«Если все так, как я думаю, — продолжал рассуждать Прохор, закурив новую сигарету, — то надо сматываться через день-два. За это время мне надо найти одного верного человека и с ним взять профессора — за полчаса перед отъездом из Москвы. За десять минут до отхода поезда — деньги на бочку. Потом — в Сибирь, там человек — иголка. Погодим, посмотрим, может, и выждем чего. Хотя, говоря откровенно, навряд ли. Кто сможет пойти со мной к профессору? Вроде бы никто. Искать нет смысла, я Сударя год искал да год обхаживал. Сейчас не успею — времени мало. Хотя профессора они, возможно, под колпаком держат. Надо завтра посмотреть, нет ли поста у его дома. Вряд ли, конечно. Им надо меня знать, чтоб там пост оставить, а они меня не знают. По-видимому, не знают. Не должны бы. А может, сразу поднаточить когти? Сегодня? В ночь? Сел на поезд — и айда? Сто граммов наркотика у меня есть — это капитал, куда мне больше-то? Хватит пока, там видно будет. Нет. Нельзя. Годков на двадцать меня еще будет, счеты надо кой с кем свести.

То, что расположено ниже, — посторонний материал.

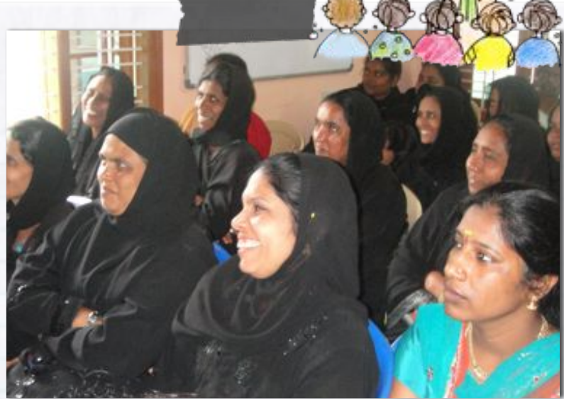
Education Loan Interest Refund. KB Sandra Branch 101 Beneficiaries benefited!

Профессор скоро загнется, иконы с Рубенсом к большевикам уйдут, ищи потом другого. А что, если Сударику в тюрьму передачку? С цианистым калием в колбаске? МУР не ЧК — могут пропустить. Кто у него из родных есть? Мамаша в Батуми. Плохо. Без паспорта не возьмут. А может, мне на чужачка проскочить? Паспорта у меня еще есть. Ромин — чем не Ромин? Дядя его, а? Тогда милиционер зависнет навсегда. Витька уже навсегда завис. Может, так и поступить? Может, переиграю их всех? А послезавтра вечерком на экспресс — и в Сибирь…»
ПЯТЫЕ СУТКИ
Снова в Тарасовке
В воскресенье рано утром около отделения милиции поселка Тарасовка остановилась серая «Волга». Из машины вышли Костенко и Росляков. Сделав несколько взмахов руками, что должно было, по-видимому, означать утреннюю зарядку, Росляков сказал:
— Слава, ты чувствуешь, какой здесь воздух?
— Дымный, — сказал Костенко, — не будь идеалистом. Такой же, как в столице.
— Ты черствый человек, старина.
— А ты сегодня что-то слишком, как я погляжу, радостный.
— В самый корень смотришь.
— Ну извини…
— Да нет, ничего.
— Как я понимаю, проблема личной жизни тебе сейчас не кажется такой унылой, как позавчера?
— Зоркий ты человек, Костенко… Беркут… Насквозь видишь…
Они вошли в отделение, и Костенко ворчливо заметил:
— Прямо как из рая в ад. Слушай, ну почему в наших помещениях такая тоска? Я раз в «Известия» попал. Вот это да: светло, красиво, модерново! Я б, если там работал, и ночевать оставался — так у них здорово. А тут штукатурка сыплется…
— Так мы ж не газеты… И даже не детский санаторий… Мы — карательные органы.
— А полы в карательных органах подметать надо?
Дежурный по отделению мельком взглянул на них и продолжал отчитывать здоровенного детину.
— А мне не важно, что ты испытываешь, молодой отец. Напился? Напился. Песни ночью орал? Орал. Достаточно. Тебя прости, потом другого прости, а где порядок? Указ знаешь? Ну и все. Вот отсидишь, поумнеешь, тогда и поговорим.
— Да ведь с радости я. Сыночек родился, ну и выпил. Я песни хорошие пел. Ну а узнает она, что меня на пятнадцать суток посадили? Товарищ лейтенант, я какое угодно наказание приму, только не пишите на работу… Лучше уж штраф.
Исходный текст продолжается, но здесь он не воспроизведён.